A partir de aquí, la carrera de Saura va perdiendo interés, aunque deje
indudables puntos de interés a través de sus incursiones en ese cine bailado
que trata de alejarse del modelo americano para reivindicar el folclore latino.
Así nacen Bodas de sangre, Carmen (con la que consiguió una nueva
nominación al Oscar), Tango, Flamenco
o El amor brujo, todas rodadas
impecablemente, con una técnica que revela al Saura más estético y algunas con la colaboración del bailarín y
director del Ballet Nacional Español Antonio Gades. Incurre en fracasos
previsibles como El Dorado o Antonieta, pero el mejor Saura aún nos
deja joyas, quizá de menor valor pero igualmente destacables, como Ay, Carmela o Goya en Burdeos.

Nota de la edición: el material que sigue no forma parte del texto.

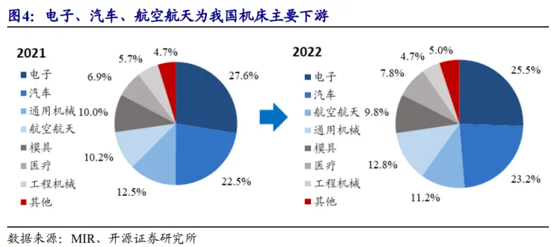 电子、汽车、航空航天为机床主要下游。2022 年,我国电子、汽车、航空航天、模具在工业母机下游中占比分别达 25.5%/23.2%/11.2% 和 9.8%。其中,电子行业设备更新周期快,需求分散,2022 年依赖逐渐疲软,但有望随新一轮苹果周期复苏;新能源板块的风电、光伏以及航空航天、军工等战略性产业发展态势较好;医疗等平行产业处在大的产品形态和加工装备升级周期中,模具等中间产业受下游需求带动 (如新能源车等), 总体占比稳定。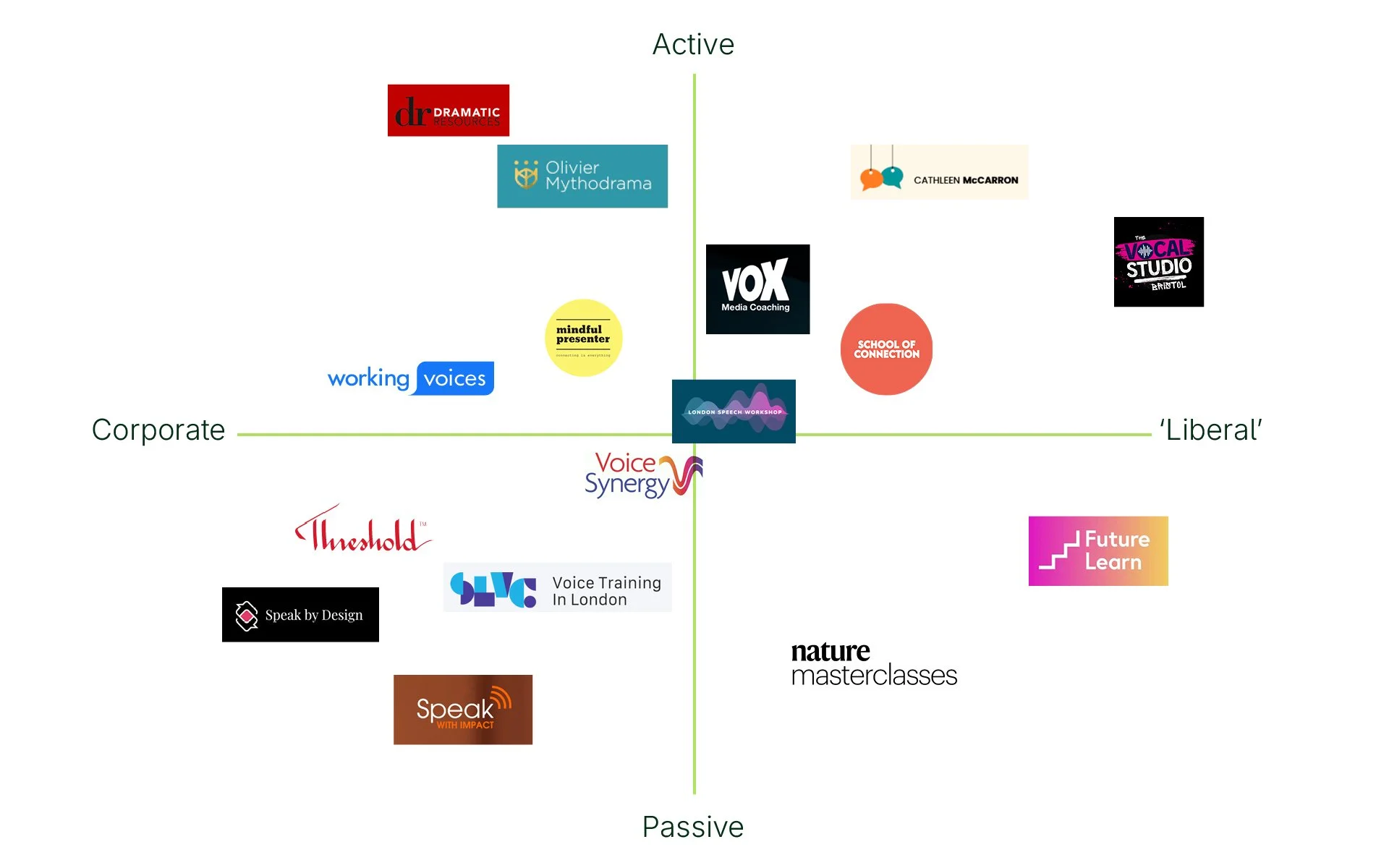 For VOX Coaching, a communications training company working with public sector and higher education clients, the axes became Corporate vs. Liberal and Active vs. Passive. These reflected not just VOX’s personality, but the kind of experience their clients were actually looking for. Importantly, this expanded the competitive set beyond similar training providers – including online courses and specialist platforms that shared overlapping audience mindsets.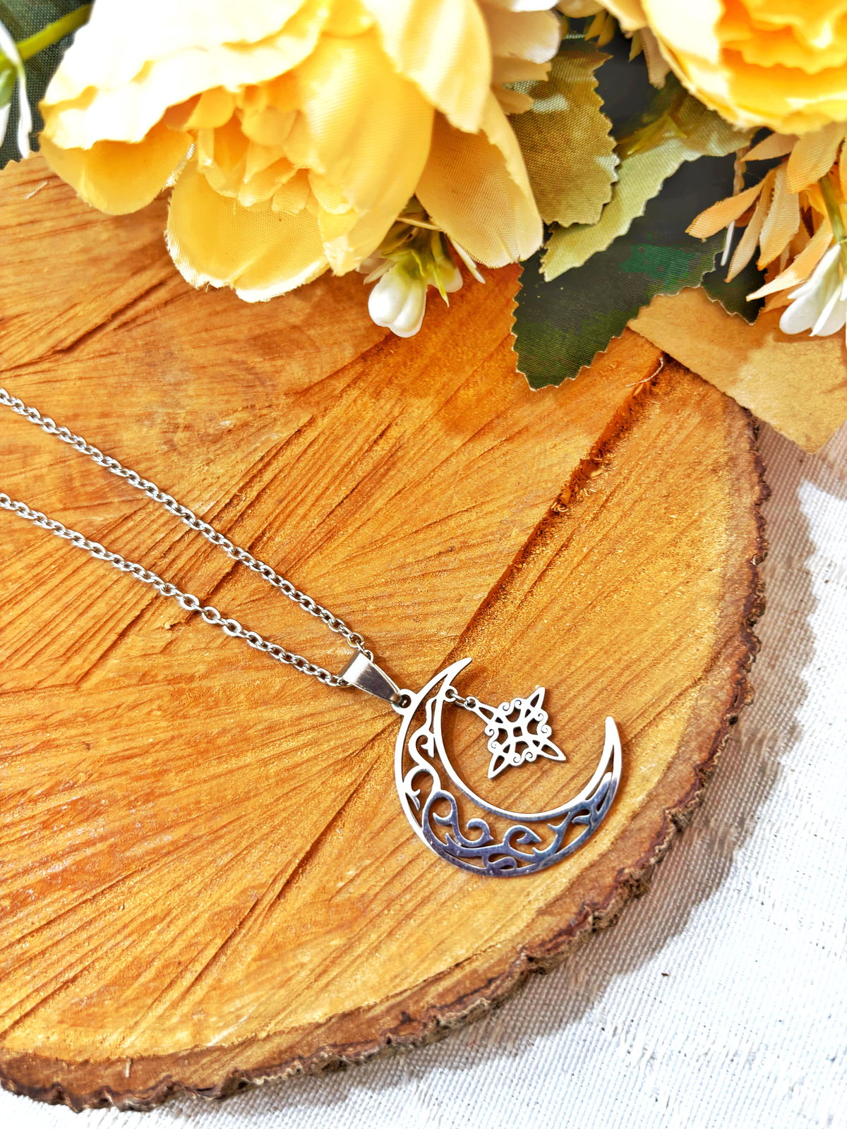Este collar combina un dije de Nudo de Bruja con un dise帽o de luna en acero, creando un accesorio elegante y lleno de significado. La cadena de acero resistente permite un uso diario c贸modo y seguro, ideal para quienes buscan llevar consigo un amuleto con intenci贸n.

Quizá esta última etapa que ya desarrolló con la libertad como compañera
desnaturalizó un poco al maestro Saura que maravilló a todo el público con sus
metáforas de una sociedad herida y decadente, al borde de la desaparición por
el inmovilismo, timorata y gris, que caracterizó todas sus obras realizadas
durante el franquismo. Lo cierto es que Carlos Saura ha quedado como el máximo
representante del Nuevo Cine Español
y como uno de los mejores directores de nuestra cinematografía en toda su
historia. A pesar de que, una y otra vez, se le niega todo el mérito de moverse
en unos días difíciles en los que nunca, nunca dejó de decir la verdad.